O art. 6° da CRFB/88 prevê a assistência social como direito social, sendo, portanto, um direito da pessoa humana, ao qual o Poder Público deve destinar proteção, como ocorre com a assistência social devida a pessoas desamparadas, garantindo-lhes condições mínimas de existência.

Como direito social, o Poder Público tem o dever de promover assistência a pessoas em situação de necessidade.

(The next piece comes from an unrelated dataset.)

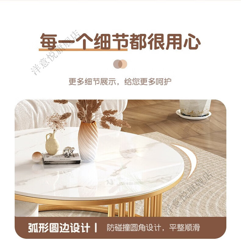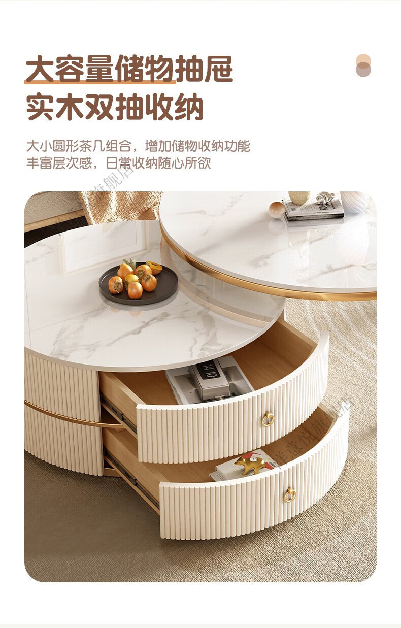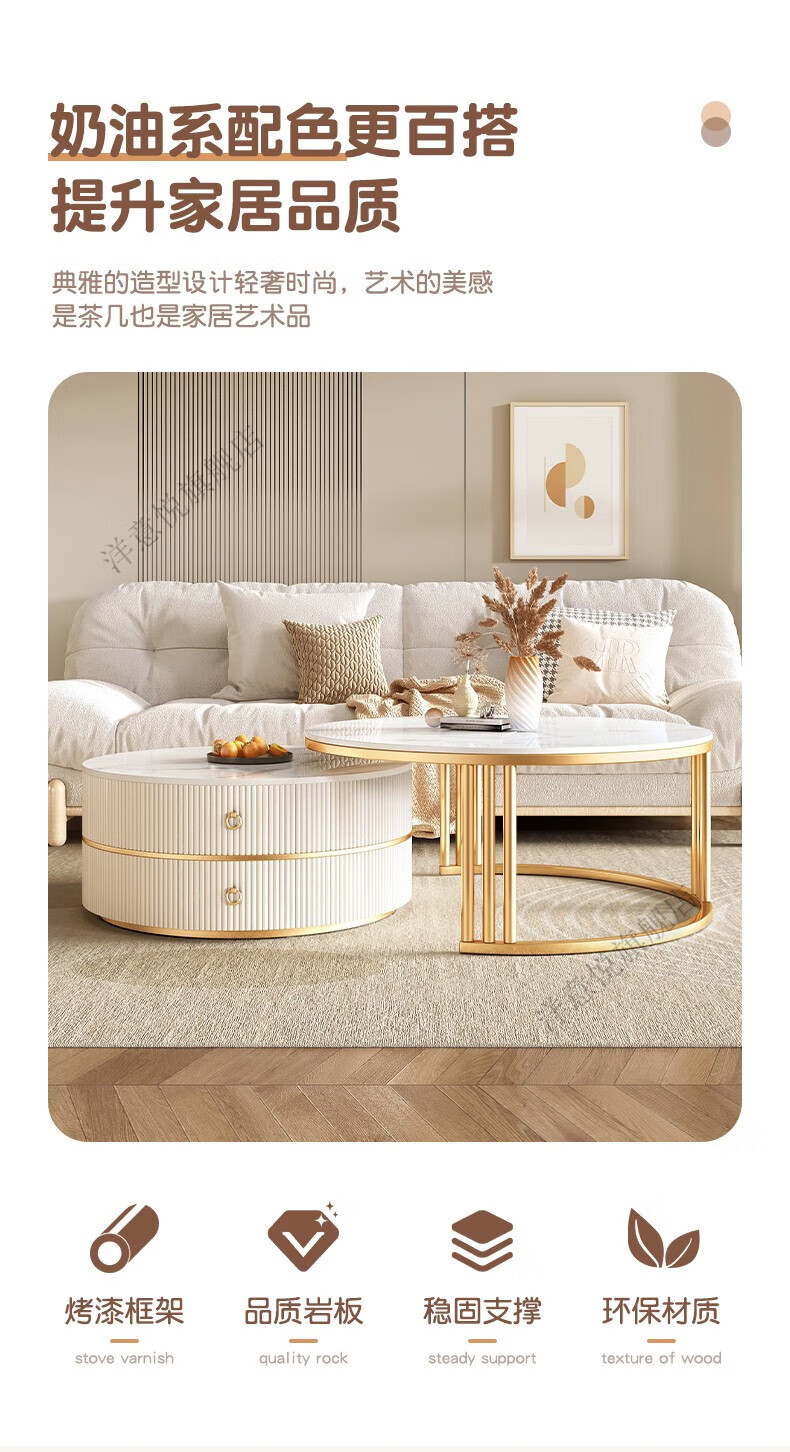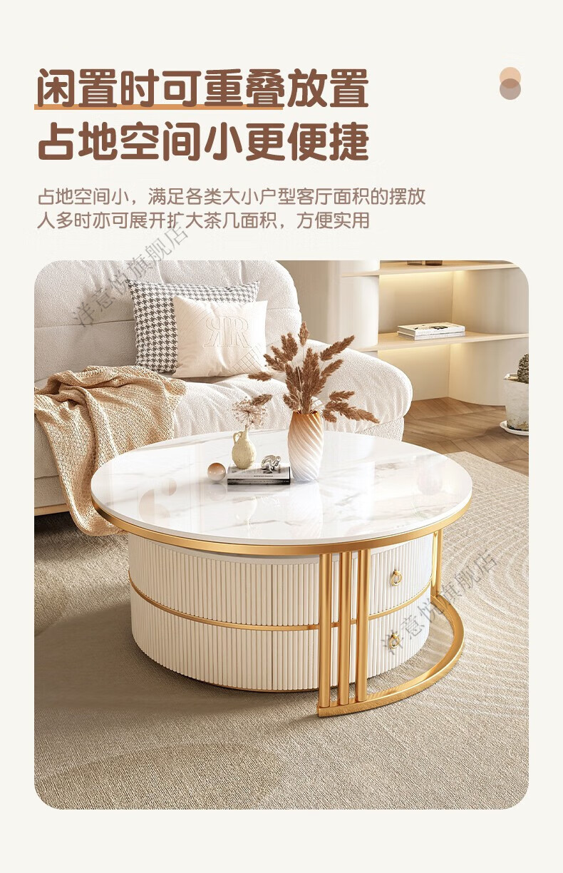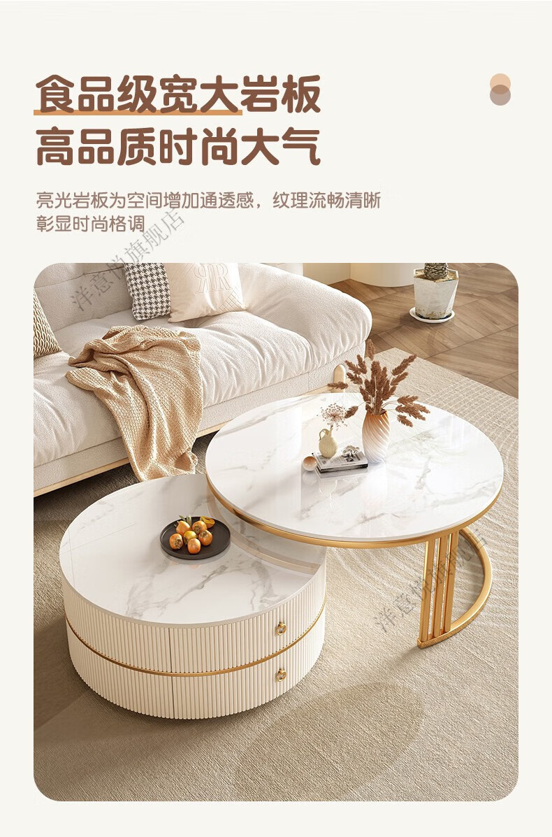 Yangyiyue coffee table TV cabinet living room modern simple small apartment mobile folding round slate small round table cream style glossy snow mountain white rock + snow mountain white rock + gold frame large 80cm*43cm + small 60cm*35cm

A Lei 8.742/93 define no art. 1° define assistência social como direito do cidadão e dever do Estado, em consonância com os ditames do texto constitucional.

A CRFB/88, em seu art. 194, caput, dispõe que a seguridade social compreende um conjunto integrado de ações e iniciativa do Poder Público e da sociedade, destinadas a assegurar os direitos relativos à saúde, à previdência e à assistência social.

A assistência tem caráter não-contributivo visando ao amparo das pessoas necessitadas, conforme a previsão do art. 230 da CRFB/88, que a assistência social será prestada a quem dela necessitar independente de contribuição.

Além disso, o inciso V do mencionado art. 203 da CRFB/88 está regulamentado pela Lei 8.742/93, a Lei Orgânica da Assistência Social – LOAS, que visa assegurar uma existência digna para os idosos, pela satisfação de suas necessidades básicas. Esta assistência social deve ser prestada de forma articulada pelas esferas estaduais e municipais da Administração Pública que devem ser associadas a outras políticas públicas nas áreas de saúde, educação entre outras.

O art. 4° da Lei 8.742/93 dispõe que a assistência social rege-se pelos princípios da supremacia do atendimento às necessidades sociais sobre as exigências de rentabilidade econômica; universalização dos direitos sociais, a fim de tornar o destinatário da ação assistencial alcançável pelas demais políticas públicas; respeito à dignidade do cidadão, à sua autonomia e ao seu direito a benefícios e serviços de qualidade, bem como à convivência familiar e comunitária, vedando-se qualquer comprovação vexatória de necessidade; igualdade de direitos no acesso ao atendimento, sem discriminação de qualquer natureza, garantindo-se equivalência às populações urbanas e rurais; divulgação ampla dos benefícios, serviços, programas e projetos assistenciais, bem como dos recursos oferecidos pelo Poder Público e dos critérios para sua concessão.

Diante de tais disposições, deve o Poder Público garantir a todos condições de vida digna, prezando para que todos tenham o mínimo para sua subsistência.